▸ What is expected: Please copy each line of the listing below precisely, excluding the images.

▸ Supplied material:
»»

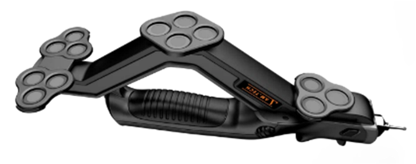 Трекер представляет собой устройство с двумя встроенными камерами, которое используется для определения положения и ориентации в пространстве сканера, щупа и контрольных маркеров с помощью нанесённых на них оптических рефлекторов, и их преобразования в пространственные координаты. Трекер может устанавливаться на штатив, стойку или настенный кронштейн.
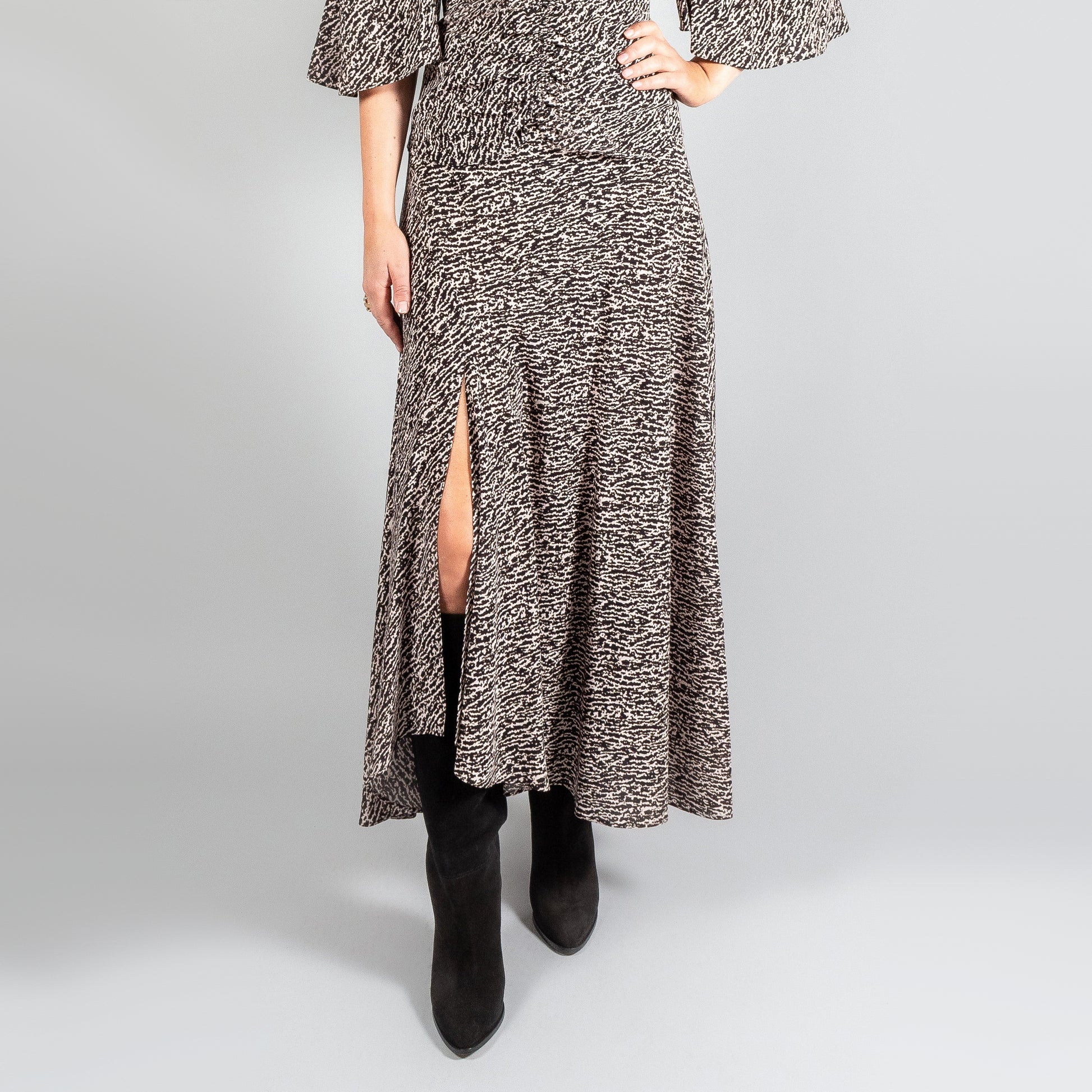 Isabel Marant "Sakura" Printed Silk Skirt, size 34 (fits size 0). Insanely chic - the slit in the front of the leg makes for so much movement when you walk! Pair with boots in transitional temps, with sandals in warm temps. Such a beautiful piece! 25 inches actual waistband. between 35 and 41 inches in length. 91% silk, 9% elastane. In excellent condition. Originally $1400CAD, and selling here for $325CAD!
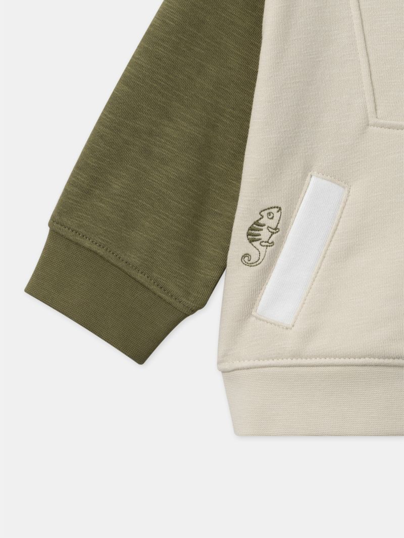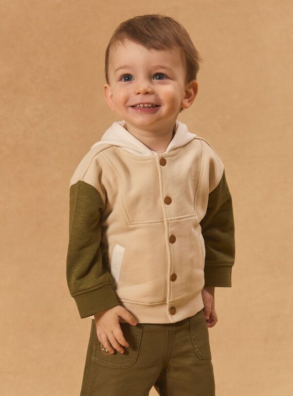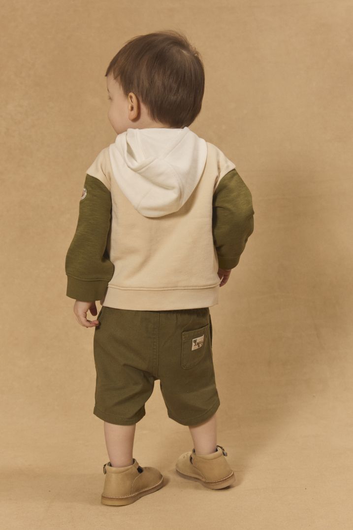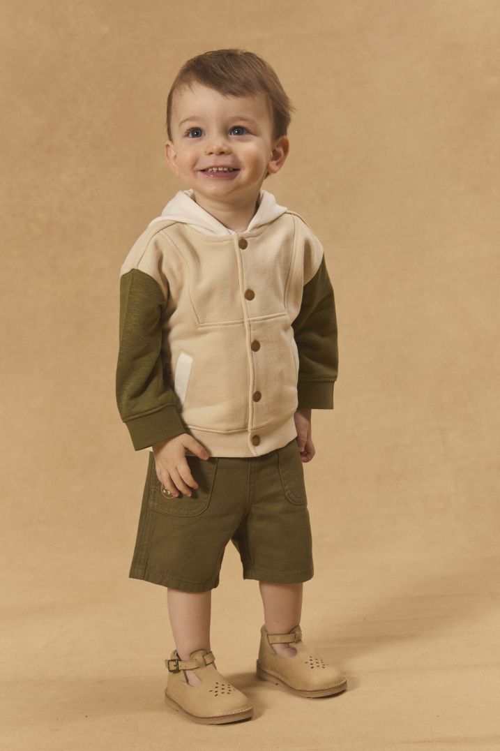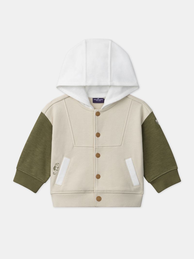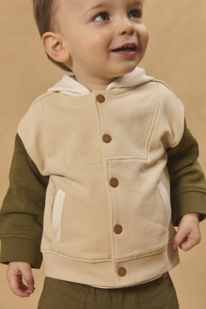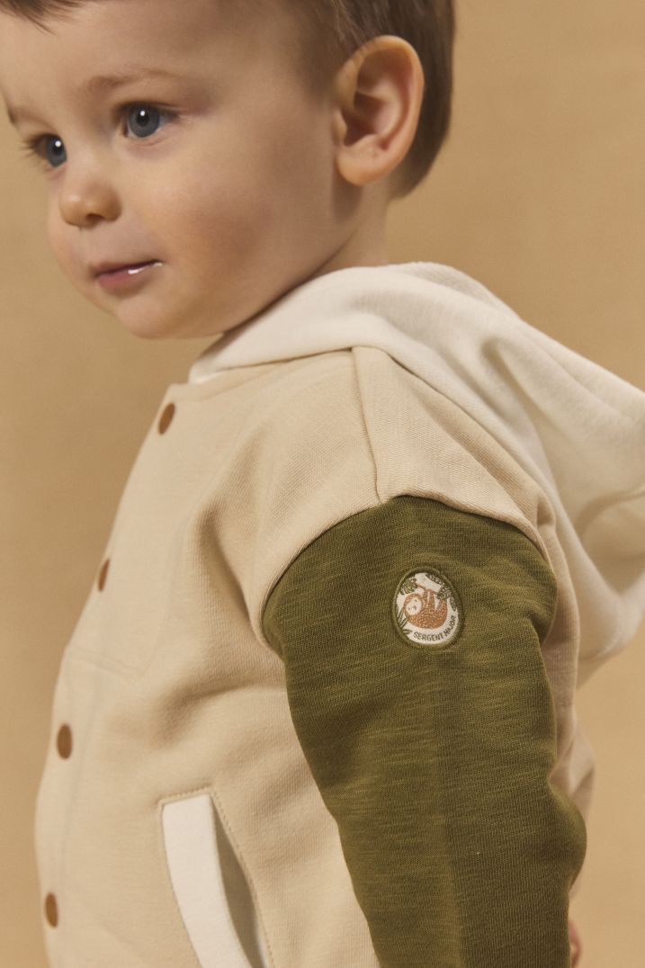 За малките откриватели този трицветна жилетка с качулка е чудесен избор за прохладните дни. Съчетавайки удобство и стил, тя впечатлява с контрастни ръкави в цвят каки, качулка и обкантени джобове в цвят екрю, а малката текстилна аплокация с мотив на коала придава чаровен акцент. Практичното закопчаване с копчета тик-так прави обличането бързо и лесно.

««

▸ Result below:
 Трекер представляет собой устройство с двумя встроенными камерами, которое используется для определения положения и ориентации в пространстве сканера, щупа и контрольных маркеров с помощью нанесённых на них оптических рефлекторов, и их преобразования в пространственные координаты. Трекер может устанавливаться на штатив, стойку или настенный кронштейн.
 Isabel Marant "Sakura" Printed Silk Skirt, size 34 (fits size 0). Insanely chic - the slit in the front of the leg makes for so much movement when you walk! Pair with boots in transitional temps, with sandals in warm temps. Such a beautiful piece! 25 inches actual waistband. between 35 and 41 inches in length. 91% silk, 9% elastane. In excellent condition. Originally $1400CAD, and selling here for $325CAD!
 За малките откриватели този трицветна жилетка с качулка е чудесен избор за прохладните дни. Съчетавайки удобство и стил, тя впечатлява с контрастни ръкави в цвят каки, качулка и обкантени джобове в цвят екрю, а малката текстилна аплокация с мотив на коала придава чаровен акцент. Практичното закопчаване с копчета тик-так прави обличането бързо и лесно.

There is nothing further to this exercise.